Without the pictures, write the listing out again exactly as it appears.

════════════════

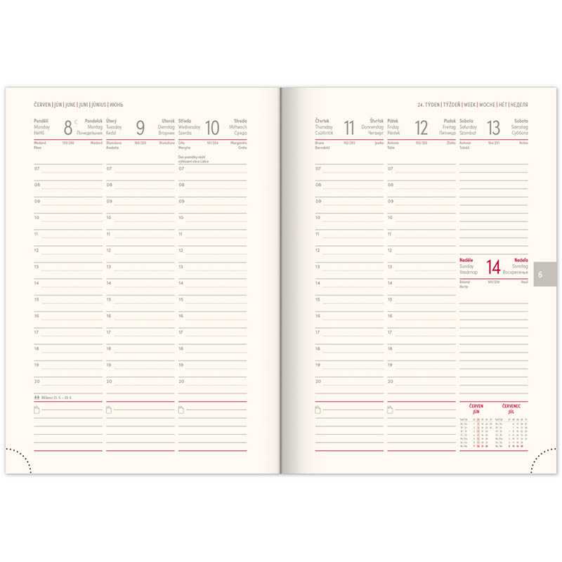 • mapa Českej a Slovenskej republiky • miesto pre osobné údaje • textilná záložka • perforované rožky • priestor na poznámkyRozsah: 144 strán. Rozmer: 15 x 21 x 2 cm. Hmotnosť: 0,28. Papier: 90 g/m2 krémový papier. Väzba: tuhá knižná. Kalendárium: 6 jazyčné (CZ, SK, GB, DE, HU, RU) .
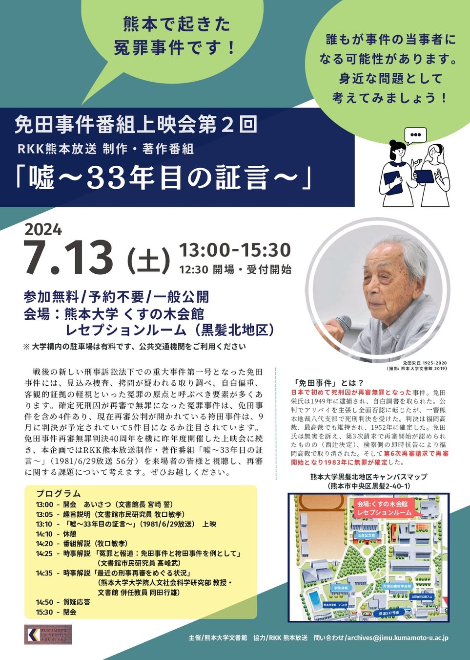 熊本大学文書館では、本学の歴史に関する資料に加え、社会的にも関心が高い免田事件に関する資料の収集・保存・公開を行っています。免田事件再審無罪判決40周年を機に昨年度開催した第1回上映会に続き、本館主催にて、RKK熊本放送制作・著作番組「嘘~33年目の証言~」(1981/6/29放送、56分)の上映会を開催いたします。
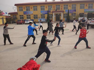 同学们正在和小朋友们打太极小
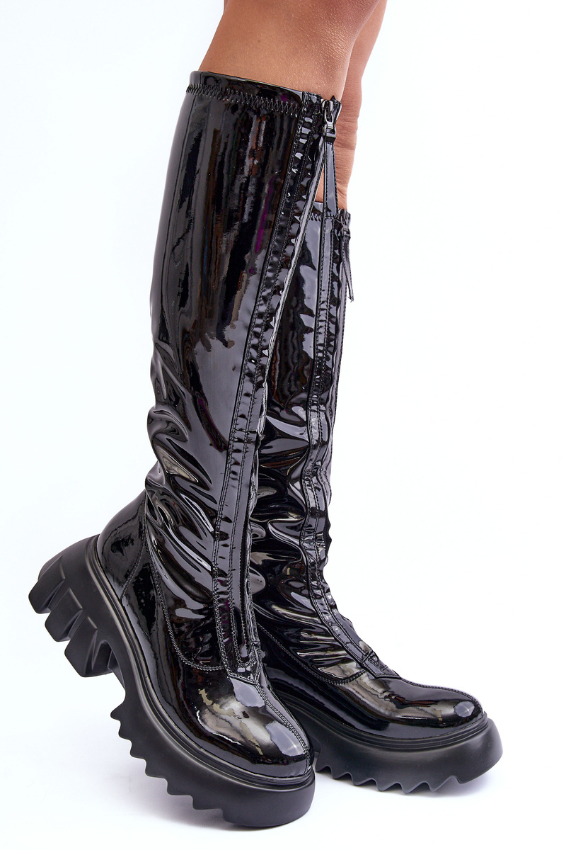Kozaki Lakierowane Masywna Platforma Czarne Ringo JJ51P
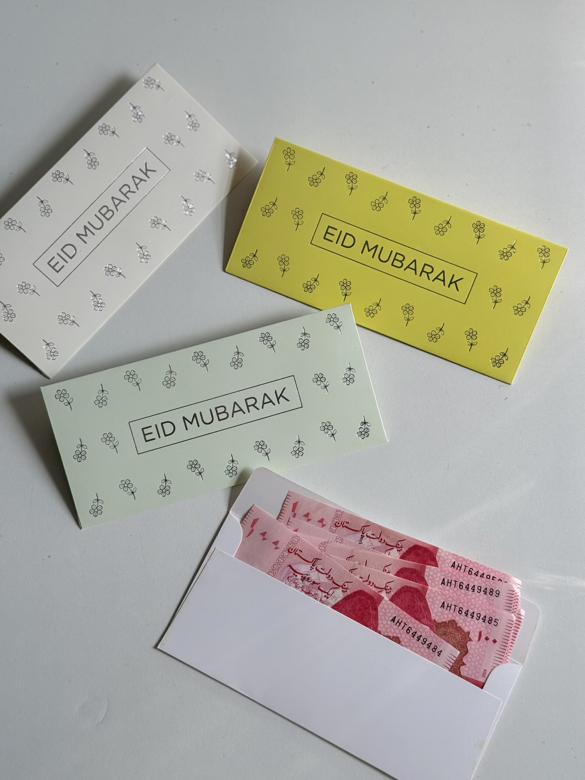 | Color | white, off white, yellow, pistachio, Set of all 4 Envelopes |
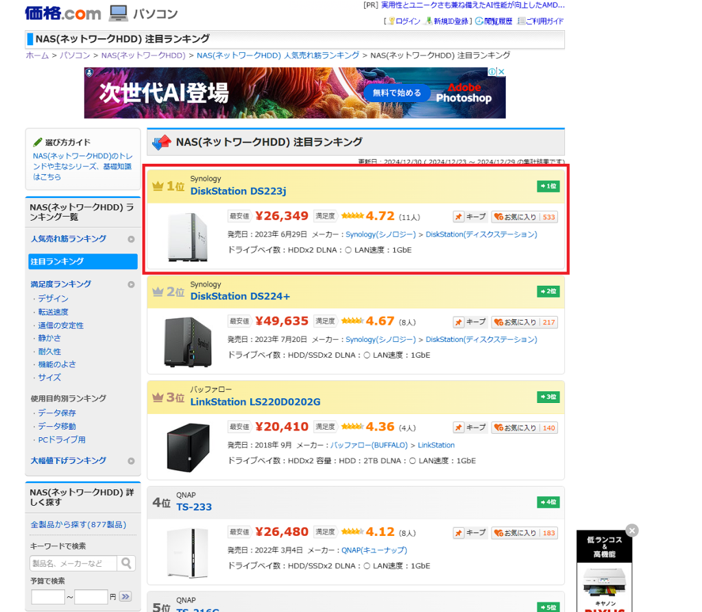 | 本体(Synology DS223j) | 26,482円 (2024/12/31時点amazon価格) |
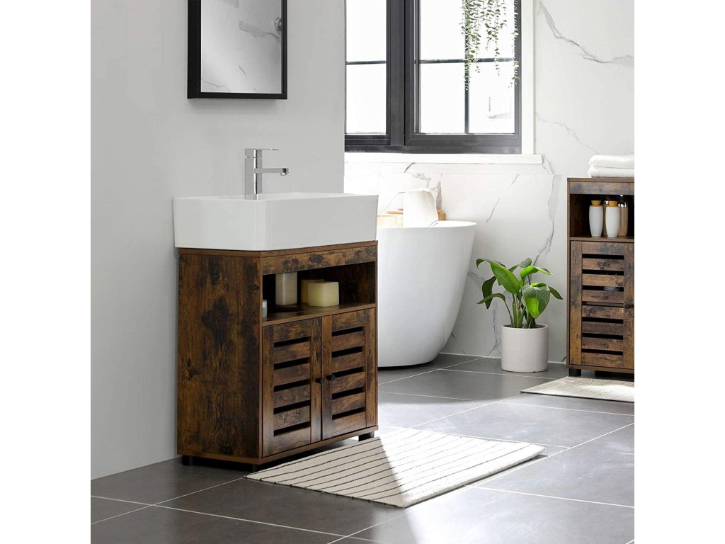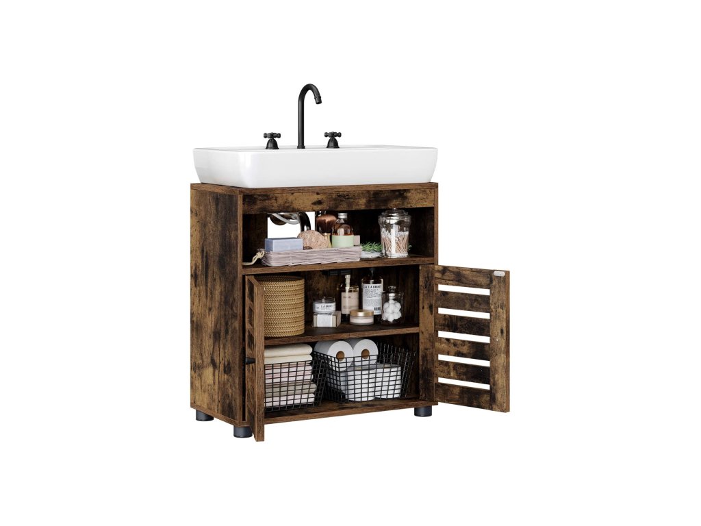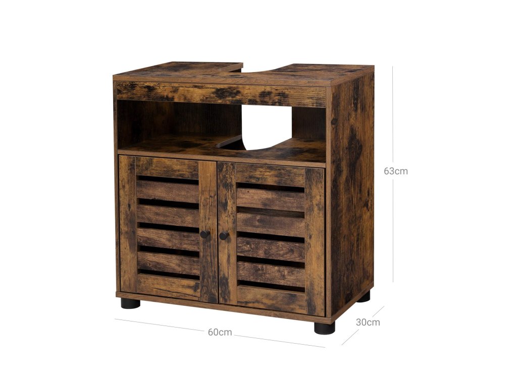 Skříňka pod umyvadlo, koupelnová skříňka, úložná skříňka, 60 x 30 x 63 cm, se 2 dvířky, nastavitelná police, rustikální hnědá.
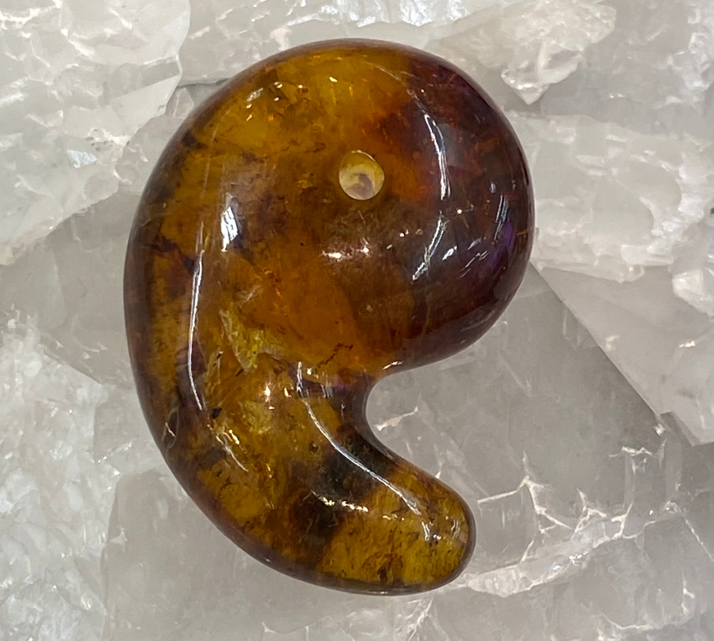 正真正銘のドミニカ共和国・サンピアゴ産、天然ブルーアンバー(青琥珀)勾玉です。大きな勾玉!

════════════════

**Expected output**:
 • mapa Českej a Slovenskej republiky • miesto pre osobné údaje • textilná záložka • perforované rožky • priestor na poznámkyRozsah: 144 strán. Rozmer: 15 x 21 x 2 cm. Hmotnosť: 0,28. Papier: 90 g/m2 krémový papier. Väzba: tuhá knižná. Kalendárium: 6 jazyčné (CZ, SK, GB, DE, HU, RU) .
 熊本大学文書館では、本学の歴史に関する資料に加え、社会的にも関心が高い免田事件に関する資料の収集・保存・公開を行っています。免田事件再審無罪判決40周年を機に昨年度開催した第1回上映会に続き、本館主催にて、RKK熊本放送制作・著作番組「嘘~33年目の証言~」(1981/6/29放送、56分)の上映会を開催いたします。
 同学们正在和小朋友们打太极小
Kozaki Lakierowane Masywna Platforma Czarne Ringo JJ51P
 | Color | white, off white, yellow, pistachio, Set of all 4 Envelopes |
 | 本体(Synology DS223j) | 26,482円 (2024/12/31時点amazon価格) |
 Skříňka pod umyvadlo, koupelnová skříňka, úložná skříňka, 60 x 30 x 63 cm, se 2 dvířky, nastavitelná police, rustikální hnědá.
 正真正銘のドミニカ共和国・サンピアゴ産、天然ブルーアンバー(青琥珀)勾玉です。大きな勾玉!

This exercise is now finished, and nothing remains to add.